- Born: 22 October 1842
- Died: 27 May 1900 (aged 57)
- Occupation: Architect
- Awards: President of the Northern Architectural Association
- Practice: Dunn and Hansom
- Buildings: Downside Abbey transepts

= Edward Joseph Hansom =

British architect (1842–1900)

Edward Joseph Hansom (22 October 1842 - 27 May 1900) was an English Victorian architect who specialised in ecclesiastical buildings in Gothic Revival style, including many Roman Catholic churches.

He was the son of Charles Francis Hansom and the nephew of Joseph Aloysius Hansom (1803–1882), of an architectural dynasty from York. He was articled to his father in Bath in 1859 and was taken into partnership in 1867, when the practice was based in Bristol. Edward moved to Newcastle-upon-Tyne in 1871 to enter into partnership with Archibald Matthias Dunn (1832–1917), practising under the name of Dunn and Hansom.

Hansom was admitted ARIBA in 1868 and FRIBA in 1881. He served as President of the Northern Architects' Association in 1889–90 and was the first to represent the region on the RIBA Council.

After a long period of ill-health, Hansom suffered from depression such that he was unable to work. He shot himself at his office and died on 27 May 1900.

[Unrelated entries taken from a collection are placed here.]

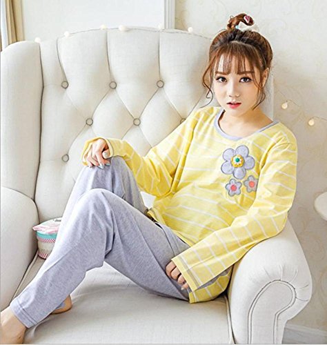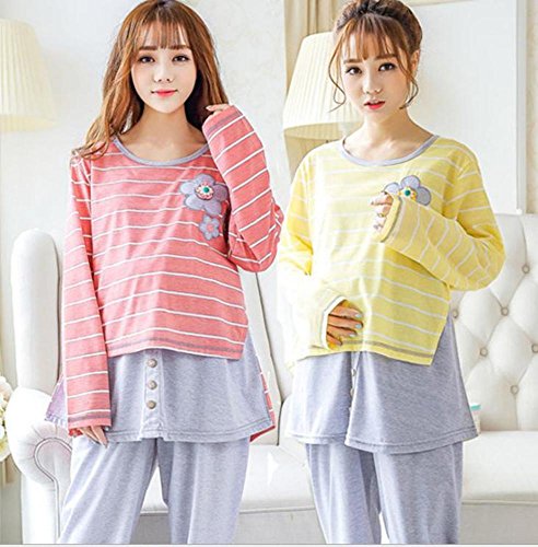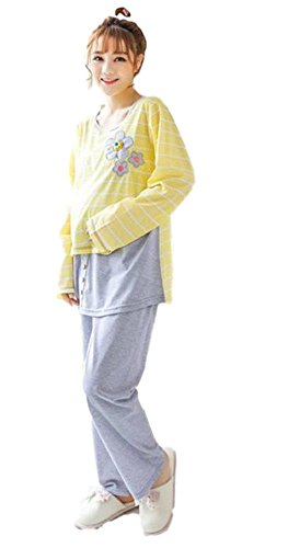 (モコベビー) MOKO BABY マタニティ パジャマ 授乳服 長袖 上下セット ナイトウェア ルームウェア 寝間着 ねまき 授乳口付 調整ゴム ウエスト調整 ゆったり 可愛い ボーダー 入院 春 秋 出産祝い プレゼント (XL, イエロー)
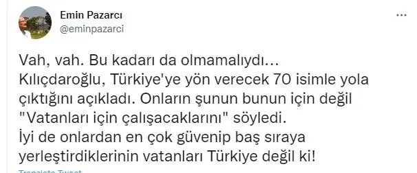 Akşam Gazetesi Ankara Temsilcisi Emin Pazarcı ise; Vah, vah. Bu kadarı da olmamalıydı... Kılıçdaroğlu, Türkiye'ye yön verecek 70 isimle yola çıktığını açıkladı. Onların şunun bunun için değil "Vatanları için çalışacaklarını" söyledi. İyi de onlardan en çok güvenip baş sıraya yerleştirdiklerinin vatanları Türkiye değil ki!
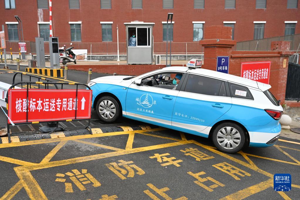 3月24日,在泉州市豐澤區,出租車(chē)司機胡金生把核酸檢測樣本運送到福建醫科大學(xué)附屬第二醫院東海院區。
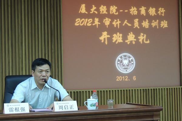 6月4日上午,“bat365官网登录入口——招商银行2012审计人员培训班”在厦大科学艺术中心隆重开班。本次培训班由bat365官网登录入口主办、bat365官网登录入口EDP中心承办。bat365官网登录入口党委书记雷根强,招商银行总行审计部总经理周启正,招商银行总行审计部、总行审计部全国分部以及全国各地分行近130名审计人员出席了开班典礼。开班典礼由bat365官网登录入口院长助理罗智超主持。

Notable work includes the transepts, representing the first phase of building, to Downside Abbey, Somerset (1882); St Bede's College, Alexandra Park, Manchester; Our Lady Star of the Sea Roman Catholic Church, North Berwick (1879); St Benet's Church, Sunderland (1888–9); St Mary's RC Cathedral, military memorial, Edinburgh (1889); Our Lady and St Oswin's Church, Tynemouth; (1890); the baptistery to St John's Church, Bath (1871), and St Joseph's Church, Hartlepool (1895).